Shhh. Don’t say their name or they may materialise
I wonder if Tracey T was sick too?
My eyes! My eyes!
I need to knock myself out now. Maybe steal Charon’s flower vase of Rioja and chug it.
Ms R is fantasising: What if instead of Prezza, there was a picture of GL in the shower, naked and soaped up…And he was there with her…
Ms R, GL isn’t fat and hairy. Though I do have a lovely shot of him in his bathing suit, in the wilds of Lithuania getting ready for a sauna. The sun was setting and there is a certain sheen to his flesh.
It wasn’t very flattering. Mind you thank fuck there were lots of geeks in the picture or I’d have looked bad. I look pretty buff normally.
do you mean this one? [DELETED]
you do sure look purty
Don’t get excited MsR
i imagine she’s fairly safe.
minx - thanks for the helpful ahempedantahem explanation above; sorted me out no end. when i see you in middle remind me to congratulate some flat-vowelled northern fraud on your blog.
SW, I await such congratulations to the boaster of Middle with considerable anticipation!!
You do realise you have my permission to shoot me for stating the blindingly obvious,don’t you?!
With respect to staggering into an all nite convenience in search of Ginsters following a bit of a Sesh,Moon, what ever happened to the good old fashioned Doner Kebab in Naan Bread?! I can recommend an exceptionally FINE establishment on Tottenham Court Road, should you wish to try their wares.
It’s kill or cure……
There is nothing wrong with the Donna Kebab in a Nan, as a vehicle for the consumption of chili this works reasonably well. I wouldn’t want to limit myself to any one drunken feast food though. There is a whole world of Pizza, Biyrani, keema stuffed nan’s, burgers, southern fried chicken etc. Occasionally I’ll even nibble on feta and olives, but I see these more as civilized starters, passing tributes to Bacchus to be had with wine, before the sprit of Pan can be unleashed in a full on animalistic satisfaction of my carnal desires via the consumption of Ginsters et all.
Then of course the king of all foods, duel headed god of pork scratching & pork pie’s (Muslim’s may disagree). Gingsters does deserve a mention in this pantheon, although its place is a little further down mount Olympus (a bit like Eris)
Eloquently put, Moon; I have plainly neglected the many and varied ways in which the hoplessly inebriated may feast upon his/her yearly allocation of MSG, Transfats,Chickens culled in suspcious circumstances, and Food Colourings with a half life of 600 years in order to sate the possibilty of the sort of hangover that would fell an Ox.
Packet of Crisps, anyone?!
What’s worse is when you see the places that serve the food in the cold light of day, with discarded industrial sized vats of Ghee; festering with rats and dried vomit.
I once lived above a street in Brighton that looked down on the main Kebab run, every Friday and Saturday night Kebab wars would break out.

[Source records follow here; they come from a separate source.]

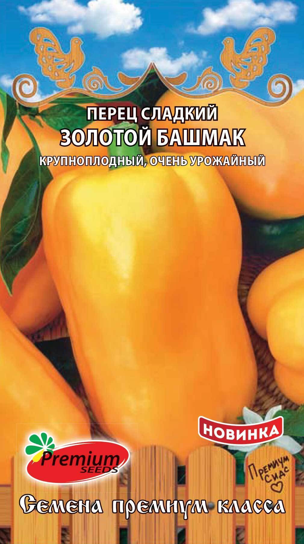 Всем невзгодам вопреки зреют чудо башмаки! Золотой башмак сорвешь-зиму вкусно проживешь! Среднеспелый (115-125 дней от полных всходов до начала созревания), крупноплодный сорт. Растение высотой 80-85 см, требует подвязки. Плоды кубовидно- цилиндрические, массой 250-280г, в фазе технической спелости светло–зелёные, в биологической жёлто–оранжевые, толстостенные 6-8мм. Мякоть мясистая, сочная с сильным перечным ароматом. Урожайность 5-6 кг/м2. Устойчив к вертициллёзному увяданию.
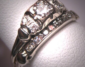 Antique Diamond Wedding Ring Set Vintage Art Deco White Gold
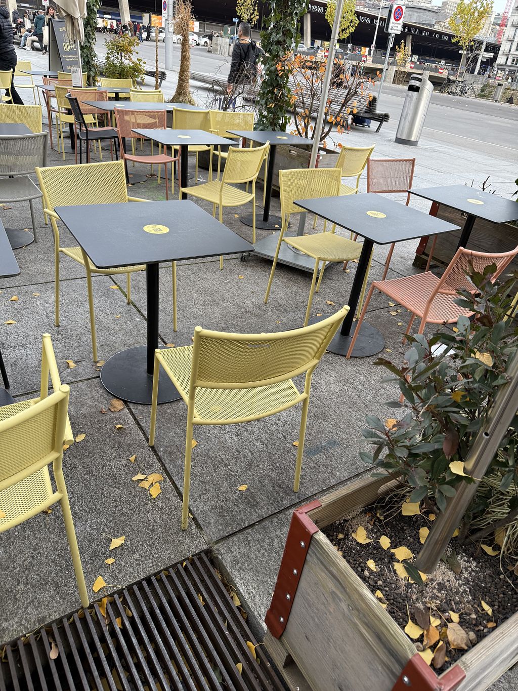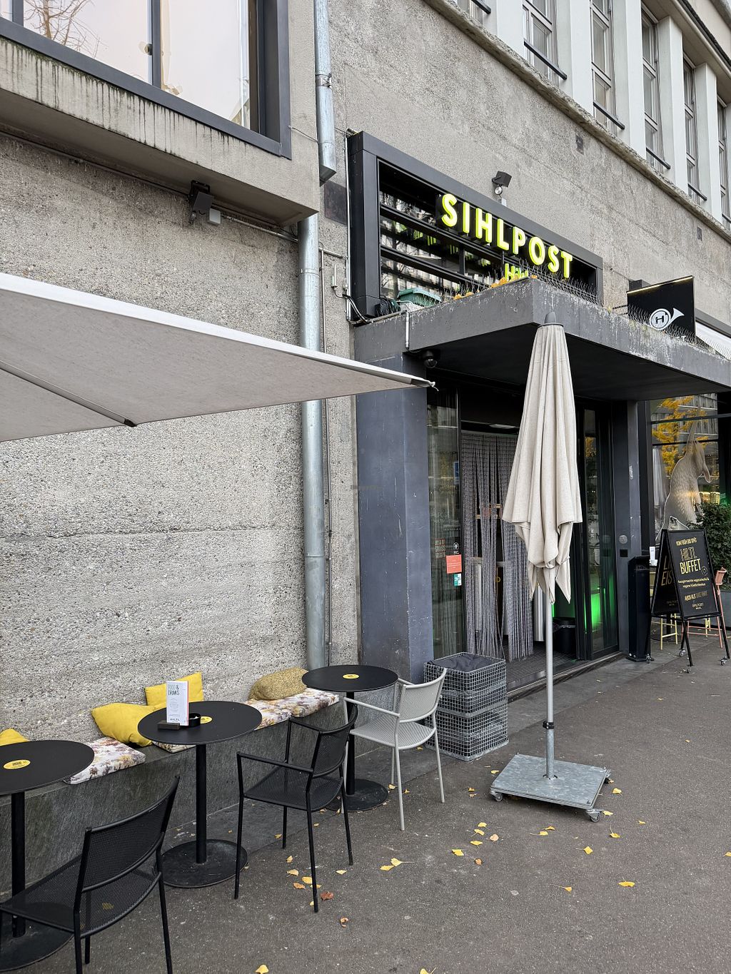 Conveniently located a short walk away from the side entrance of the central train station, direction of the main postal office. Friendly environment, friendly staff, good food. Please be very careful coz sometimes items are not vegan but vegetarian; this is clearly labeled but it is not always intuitive (potatoes!) — so better read the signs. Large space; they do have seats outside. Do not mix up the location with another Hiltl location close by which has no outside sitting on the street but is kind of a roof terrace. Both locations are more or less the same. This one here is on street level and probably a little larger.
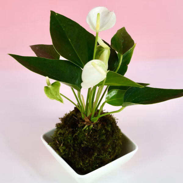 ほっそりスタイリッシュなアンスリュームと高野山麓で採取しまし這苔を使った苔玉です。
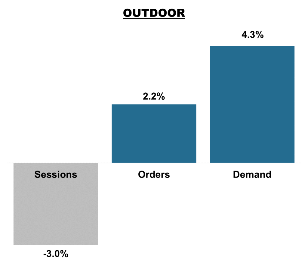The outdoor industry showed a mixed recovery in September following August’s decline. Sessions declined from a +3.8% increase in August to a -3% decrease in September, signaling weaker site traffic and engagement.
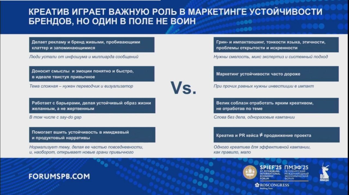 Креатив как суперсила ESG-коммуникаций: почему за красивыми словами должны стоять реальные дела Сегодня бизнес всё чаще слышит: «Покажите реальные дела, а не просто красивые слова!» Запрос общества на устойчивые практики становится всё громче, и компании отвечают на него, инвестируя в честные и понятные коммуникации. На площадке ПМЭФ-2025 эта тенденция была особенно заметна: множество сессий было посвящено тому, как важно говорить о смыслах, уметь рассказывать об устойчивости и вплетать её в каждую бизнес-историю. 📚 Креатив — суперсила в мире устойчивости В условиях информационного шума креатив становится настоящей суперсилой. Именно он помогает сделать сложные темы ESG простыми и близкими каждому, превращая сухие отчёты об устойчивости в вдохновляющие истории. Креатив — это тот самый «переводчик», который помогает бизнесу донести важные смыслы до аудитории через яркие нарративы, уникальный tone of voice и экспертную коммуникацию. 📚 Почему маркетинг устойчивости сложнее и дороже
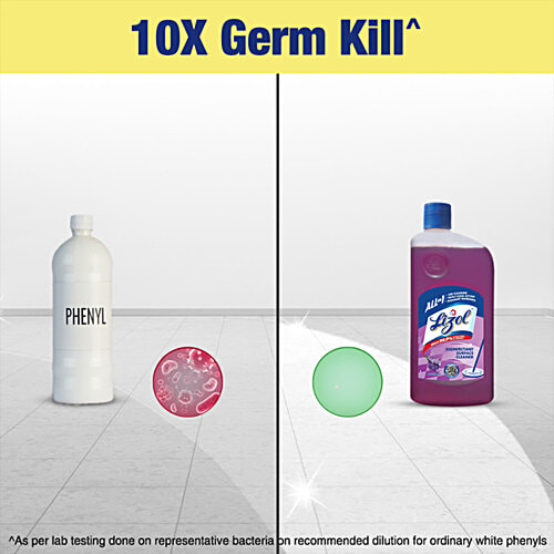 Lizol is India's No.1 Household Cleaning Brand, highly recommended by the Indian Medical Association. Lizol guarantees to kill 99.99% of disease-causing bacteria as well as germs while leaving your room smelling fragrant with a wide variety of aromas. Suitable for household with pets.^ This cleaner removes 100 types of Stains & Germs and leaves a Pleasant Fragrance. Available Variants are Pine, Floral, Citrus, Jasmine, Lavender, Sandal and Neem in the sizes: 200 ml, 500 ml, 1L, 1.8L Refill, 2L and 5L. ^Disclaimer: “When used as directed”
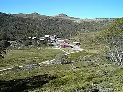 Skiing in Australia had begun some six decades earlier at Kiandra in the Northern Snowy Mountains, but the first Kosciuszko Chalet built at Charlotte Pass in 1930 gave relatively comfortable access to Australia's highest terrain.[11] At 1760m, Charlotte Pass has the highest village base elevation of any Australia ski resort and can only be accessed via over-snow transport in winter.[12] The growing number of ski enthusiasts heading to Charlotte Pass led to the establishment of a cafe at Smiggin Holes around 1939, where horse-drawn sleighs would deliver skiers to the start of the arduous ski to the Kosciuszko Chalet.[13] It was the construction of the vast Snowy Mountains Hydro-Electric Scheme from 1949 that really opened up the Snowy Mountains for large scale development of a ski industry and led to the establishment of nearby Thredbo and Perisher as leading Australian resorts.[14][15] Kosciusko Alpine Club was the first ski club to build its own lodge here in 1952, having occupied the Chalet earlier. Other club lodges were built soon after.

With roaming tribal factions staggering about in an orgiastic consumption of meat, chili and fat. Mixed with sexual jealousy.

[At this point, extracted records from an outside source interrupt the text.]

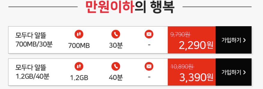 이렇게 싼 가격에 요금제가 많이 생기면 소비자들은 엄청 즐거운 일이죠.
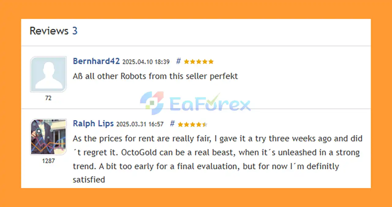 🔺OctoGold EA MT5 is highly appreciated by the MQL5 community for bringing stable and reliable profits. Below are 5 star reviews from users:
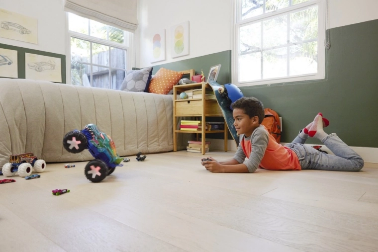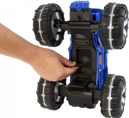 Ved at trykke og holde handlingsknappen nede stiller bilen sig op på to hjul og udfører et trick! Farver og dekorationer kan variere mellem modellerne, men hver af dem garanterer timevis af dynamisk sjov.
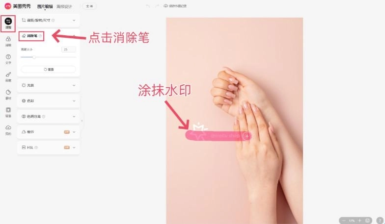 3、接着点击左侧工具栏中的“调整”选项,选择“消除笔”功能,根据需要调整画笔大小,用画笔涂抹想要去除的水印部分,这样就完成操作啦。
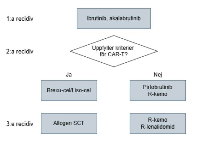 Behandlingsvalet avgörs här av vilken primärbehandling som givits. Vid icke-symtomgivande sjukdom kan exspektans övervägas också vid återfall. Ett nytt alternativ som visat aktivitet även hos patienter med recidiv efter behandling med kovalent BTKi är pirtobrutinib, en icke-kovalent BTK-hämmare 61.
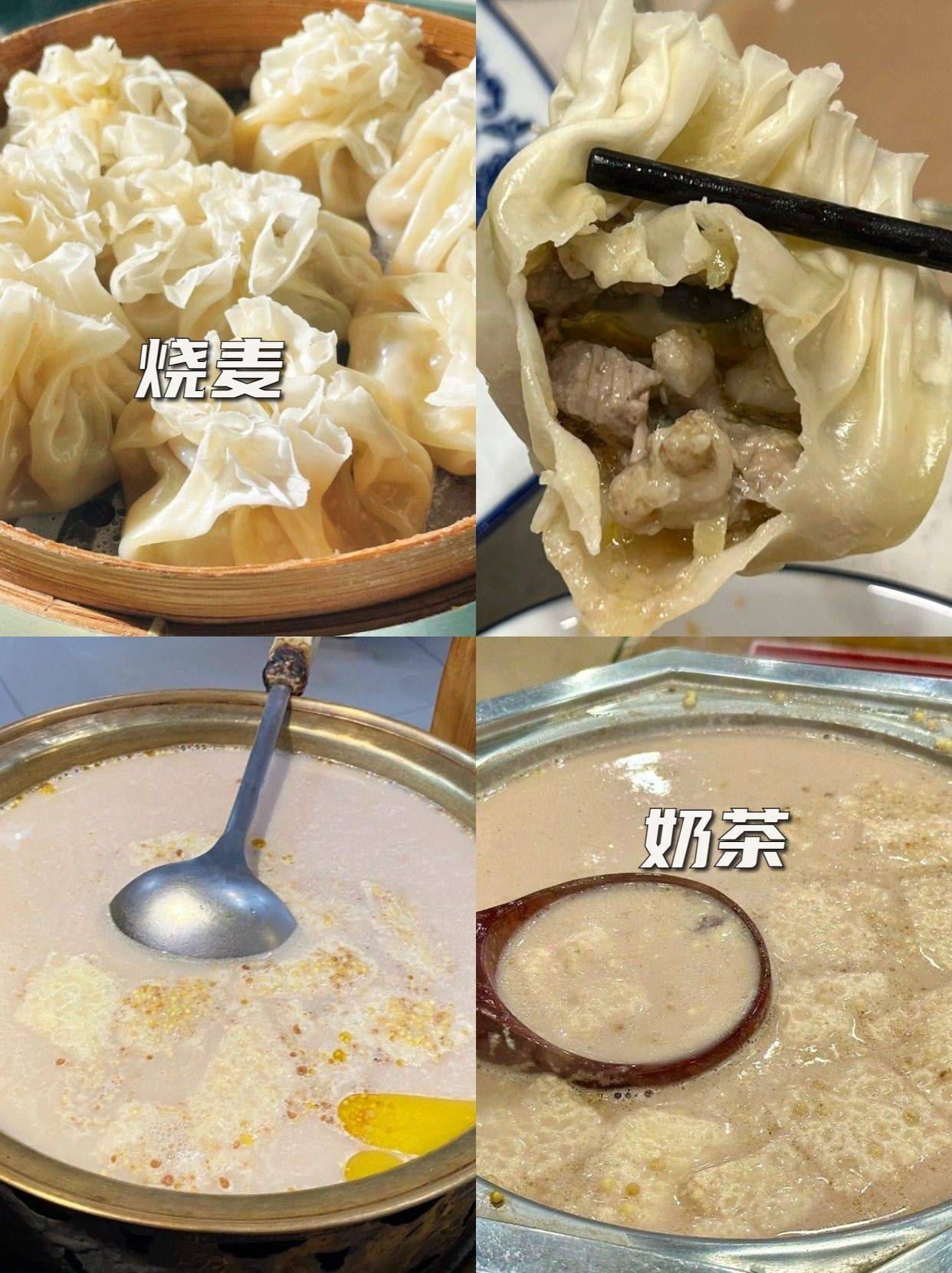 烧麦&奶茶:蒙格勒蒙餐、额尔敦涮肉,烧麦和奶茶可以搭配在一块作为蒙式早餐,内蒙的奶茶是咸口的,可能一开始不会太适应,但只要多尝两口就一定会爱上的!奶味香醇、牛油咸香,里面再泡几块奶豆腐,热乎乎的喝下去可太舒服了!烧麦有蒸的和油煎的,我比较喜欢煎的,焦焦脆脆的,爱了~
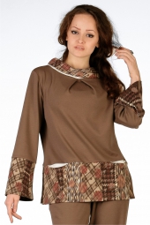 Описание: Блузон свободного покроя из однотонного джерси и джерси с принтом. Длина по спинке 61см. На модели с брюками R00987
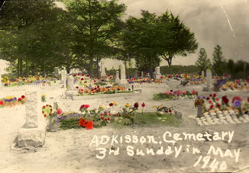 Hand-Colored Post Card Photograph of Decorated Adkisson Cemetery,
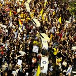 Tel Aviv’deki İsrail ordusu karargahı önüne gelen yaklaşık 2 bin kişi, “Hepimiz kan hükümetinin rehineleriyiz” ve “İmzalanmayan bir anlaşma herkesi öldürür” sloganlarını attı.

How at five in the morning I would wake at dawn, and stare out to sea.. now the gulls then owned the road. Their prehistoric reptilian brains fighting over the discarded scraps from the mammals night out. A whole degraded eco-system existing on the back of the wonderful British binge drinking session.
The tired soulless expression of those working behind the sweat of the donor kebab, the promise of brightly colored cans of coke with empty promises. The underlying threat of violence and unspent testosterone mixed with the anticipation of a culinary treat. Then as your mouth sinks into the fat, all the pain disappears and for one moment you can fool yourself into thinking that all is well with the world.